Before method, apparatus, storage medium and the electronic equipment that the log for introducing disclosure offer is extracted, first to this Application scenarios involved by each embodiment are disclosed to be introduced.The application scenarios are to carry out contents extraction to log.Wherein, log Source can there are many, can be what kinds of platform was generated when executing multiple business, the log exported by unified port, It include various types of multiple log events in log, it can be understood as a record in log, i.e., it can be only in log An individual for vertical description once-through operation or an implementing result, is the basic unit of contents extraction.Log event for example may be used To include: log event of fire wall, interchanger log event, system execution journal event, business diary event, user's operation day Will event, database journal event etc..For various types of log events, log template set, log can be previously provided with Include the corresponding log template of each type of log event in template set, in the log event for extracting the type in Hold.Since the scale of operation system gradually increases, the type of log event is very much (several hundred kinds), therefore corresponding log template set In also contain a large amount of log template (such as: JSON template, XML template, date template, KV template, CSV template etc.), such as Fruit successively matches each log event in log to be extracted with each log template in log template set, calculation amount All very high with complexity, the efficiency of contents extraction is too low, is difficult to carry out practical application.

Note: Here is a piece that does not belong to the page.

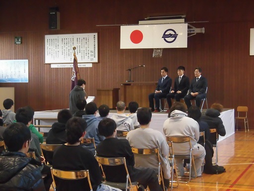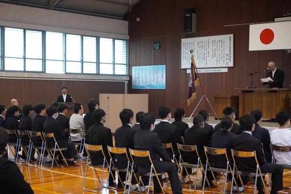 4月8日(水)、転科許可式がありました。転科生3名が参加し、校長先生から激励のお話をいただきました。その後、新任式・始業式を行い、新しい年度がスタートしました。続けて行われた転退任式では、お世話になった先生方からお話をいただきました。
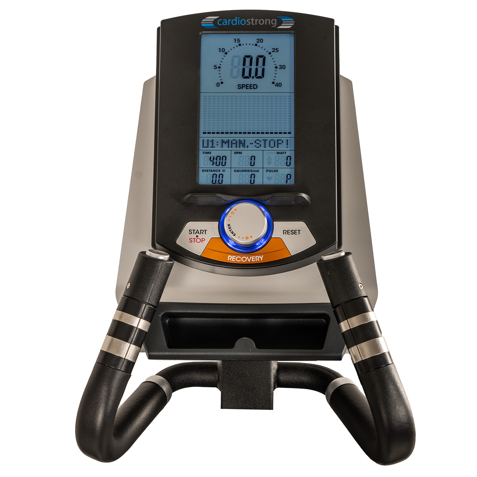 Die Trainingskonsole des cardiostrong Crosstrainer EX70 ist übersichtlich gestaltet und leicht zu bedienen. Wichtige Trainingsdaten wie Zeit, Geschwindigkeit, Distanz, Kalorienverbrauch und Herzfrequenz sind auf einen Blick ersichtlich.

Fig. 1 is the flow chart for the method that a kind of log shown according to an exemplary embodiment is extracted, as shown in Figure 1, should Method includes:
Step 101, sample log is determined from log to be extracted, sample log includes multiple log events.
For example, due to containing a large amount of log event in log to be extracted, and it is difficult to predefine a large amount of It include the log event of which type in log event, it accordingly also can not be from log template a large amount of in log template set Selection is suitble to the log template of log to be extracted, carries out contents extraction to log to be extracted.It therefore, can be first from day to be extracted Determination includes the sample log of multiple log events in will.The quantity for the log event for including in sample log will be far smaller than The quantity for the log event for including in log to be extracted, therefore in subsequent processing, effectively reduce calculation amount and complexity.

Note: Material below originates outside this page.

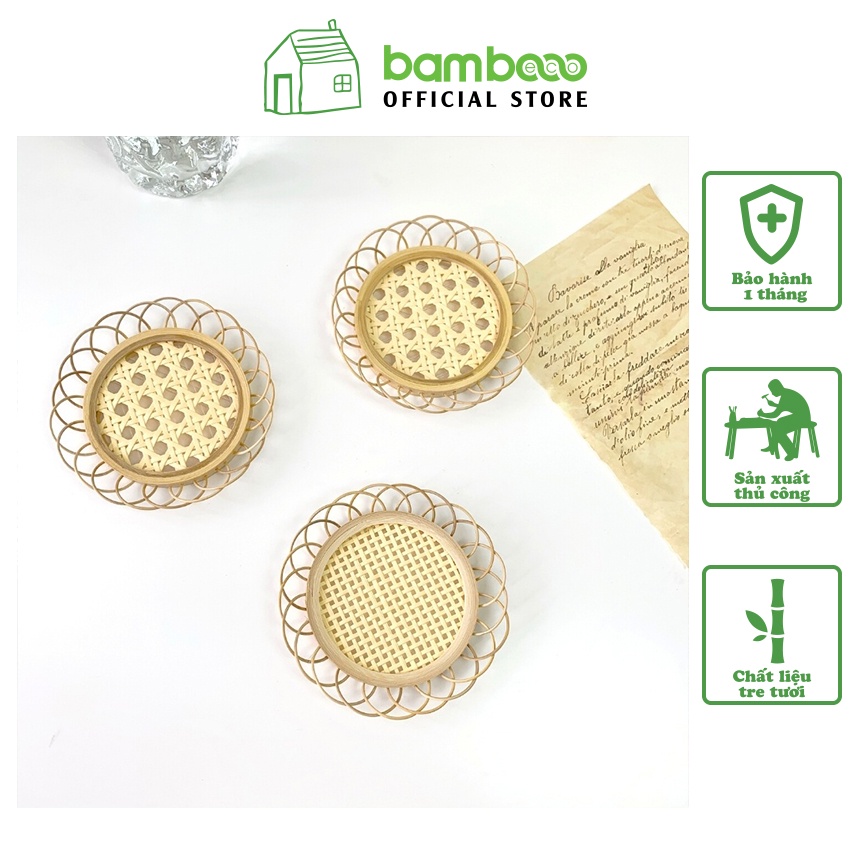 Nhà cửa & Đời sống > Bộ đồ bàn ăn > Khay, tấm lót bàn ăn || [Mã LIFEMALL2503 giảm 15% đơn 99K] Lót ly mây tre đan BAMBOOO ECO hàng xuất khẩu trang trí bàn ănCòn hàng

In the present embodiment, can determine sample log according to pre-set rule, for example, according to time range into Row selection, or random selection.By taking the time range of log to be extracted is one month as an example, then can choose wherein 24 hours Inside include multiple log events composition sample log, can also be randomly choosed in log to be extracted preset percentage (such as: 10%) multiple log events form sample log.
Step 102, target journaling event is extracted from multiple log events.
It is exemplary, it, can be from sample log since the quantity for the log event for including in sample log is still more In extract the target journaling event for being able to reflect log to be extracted, to be further reduced the number of log event to be treated Amount, is effectively reduced the calculation amount and complexity of subsequent processing.For example, analyzing the difference of each log event in sample log first Characteristic value, difference characteristic value can be understood as uniqueness of the log event in sample log, that is, reflect the log event with The difference size between other log events in sample log.Come later further according to the difference characteristic value of each log event true The event extraction parameter of this log of random sample, event extraction parameter can be understood as the energy that sample log is able to reflect log to be extracted Power size, it is understood that contain the log event of which type in reflected sample log.Finally according to sample log Event extraction parameter extracts target journaling event from multiple log events, and target journaling event can be represented wait mention to maximum probability Take the log event in log.Wherein, target journaling event can be one or more, the quantity of target journaling event compared to The quantity for the log event for including in sample log will substantially reduce.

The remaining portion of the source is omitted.